Most loci were characterized by moderate to high genetic variation, with an average of 11.4 alleles per locus (range = 5-22 alleles), heterozygosity estimates ranging between 0.429 and 0.818 (mean = 0.613) and PIC value between 0.488 and 0.939 (mean = 0.743). Three loci (Pgen3_7, Pgen4_1 and Pgen4_11) significantly deviated from HWE after the Dunn-Šidák correction (p < 0.006) due to heterozygote deficiencies, for which MICRO-CHECKER suggested the presence of null alleles. We found evidence of LD (p < 0.001) between Pgen4_1 and Pgen4_10. A similar range of alleles (4-23 per locus) were found in the congener P. abbreviata in microsatellite loci (n = 21) obtained from NGS (Ahanchede et al., 2013) and similar results have been reported in others mollusk (An & Lee, 2012; Greenley et al., 2012). The quality of a marker can be determined by its degree of polymorphism. In this study, the expected heterozygosity values are in the optimal range (0.6-0.8) to provide a good resolution (Taberlet & Luikart, 1999). Moreover, the PIC values of all loci are higher than 0.25, so they are informative for linkage analysis. The deviation from HWE found in some loci could be due to population phenomena such as inbreeding, Wahlund effect, and selection or genotyping errors, such as null alleles or homoplasy (Selkoe & Toonen, 2006). However, since populations of P. generosa have shown no genetic differentiation along the northeast Pacific it is unlikely that a Wahlund effect is playing a part in the observed disequilibria (Suárez-Moo et al., 2016). On the other hand, MICRO-CHECKER analysis indicated the possible presence of null alleles in some loci. Null alleles have been found to be very common in bivalves because of mutations in the flanking regions (Becquet et al., 2009; Hedgecock et al., 2004). Even though population genetic studies require the use of independent unlinked loci, linkage may be useful for mapping studies (Xiao et al., 2012).
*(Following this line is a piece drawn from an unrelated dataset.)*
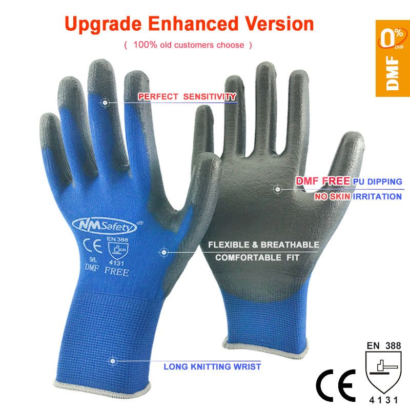 1. Des: 13 gauge knitted nylon or polyester liner dipping PU on palm glove. Here are many types for choose!

Nowadays, NGS is the best option to identify a high number of microsatellite loci in non-model species because it is cheaper and faster than traditional methods (Castoe et al., 2010; Ekblom & Galindo, 2011). These technologies are enabling more extensive and robust genetic studies in a great variety of taxa (Castoe et al., 2012; Huang et al., 2015; Mira et al., 2014). In this study we developed a set of new polymorphic microsatellites in P. generosa. These markers will useful in genetic studies applicable to conservation and management fisheries and aquaculture activities.